4 . The humanized antibody according to claim 3 , wherein the said humanized antibody contains a heavy chain variable region amino acid sequence comprising or having the sequence selected from a group consisting of SEQ ID NO. 11 and SEQ ID NO. 12; and a light chain variable region amino acid sequence comprising or having the sequence selected from a group consisting of SEQ ID NO. 14, SEQ ID NO. 15 and SEQ ID NO. 18.
5 . The humanized antibody according to claim 4 , wherein the said humanized antibody contains a heavy chain variable region amino acid sequence comprising or having the sequence of SEQ ID NO. 12 and a light chain variable region amino acid sequence comprising or having the sequence of SEQ ID NO. 18.
6 . The humanized antibody according to claim 1 , which has human IgG constant regions of allotype G1m17,1 of the heavy chains and human kappa constant regions of allotype Km3 of the light chains.
7 . A pharmaceutical composition comprising a therapeutically effective amount of a humanized antibody of claim 1 , which specifically recognizes human CA IX, and a pharmaceutically acceptable carrier, diluent or excipient.
8 . A method of treatment of a condition comprising the step of administering the pharmaceutical composition of claim 7 to a subject in need thereof, wherein the condition is selected from the group consisting of cell proliferative disease or disorder, squamous cell carcinoma, myeloma, small-cell lung cancer, non-small cell lung cancer, glioma, hodgkin's lymphoma, non-hodgkin's lymphoma, acute myeloid leukemia, multiple myeloma, gastrointestinal (tract) cancer, renal cancer, ovarian cancer, liver cancer, lymphoblastic leukemia, lymphocytic leukemia, colorectal cancer, endometrial cancer, kidney cancer, prostate cancer, thyroid cancer, melanoma, chondrosarcoma, neuroblastoma, pancreatic cancer, glioblastoma multiforme, cervical cancer, brain cancer, stomach cancer, bladder cancer, hepatoma, breast cancer, colon carcinoma, mesothelioma, and head and neck cancer.

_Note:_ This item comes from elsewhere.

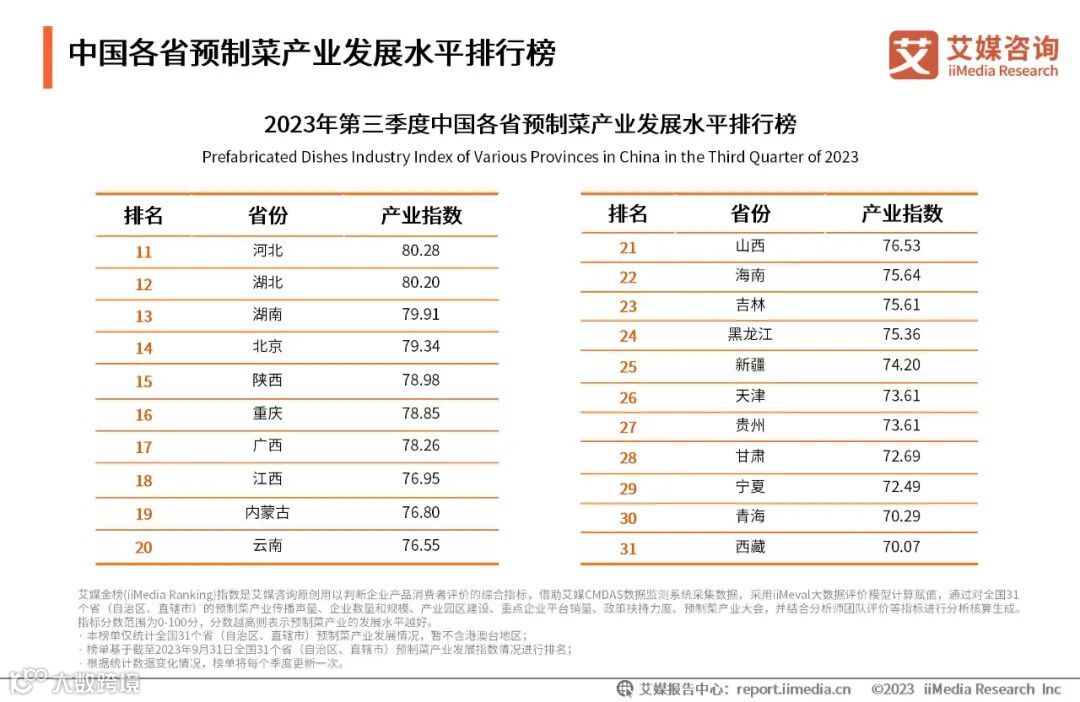 中国各省预制菜产业发展水平排行榜(二)

9 . The method of treatment of a condition comprising the step of administering the pharmaceutical composition to a subject in need thereof according to claim 8 wherein the condition is selected from the group consisting of breast cancer, mesothelioma, and glioblastoma expressing CA IX.

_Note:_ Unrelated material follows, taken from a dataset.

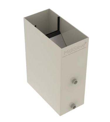 Compact in size yet highly capable, the Ultra-Sieve MIDI supports flow rates up to 2,500 GPH (approx. 12,000 L/h), making it ideal for koi ponds, water gardens, and filtration bays where space is limited. The strong polypropylene body is built for outdoor durability, and the screen removes easily for fast, simple cleaning.

10 . A method of treatment of a condition comprising the step of administering the pharmaceutical composition comprising a combination of therapeutically effective amounts of humanized antibodies of according to claim 1 , which specifically recognize human CA IX, wherein the condition is cell proliferative disease or disorder, and wherein one of the humanized antibodies is administered prior to or subsequently to the administration of a second humanized antibody.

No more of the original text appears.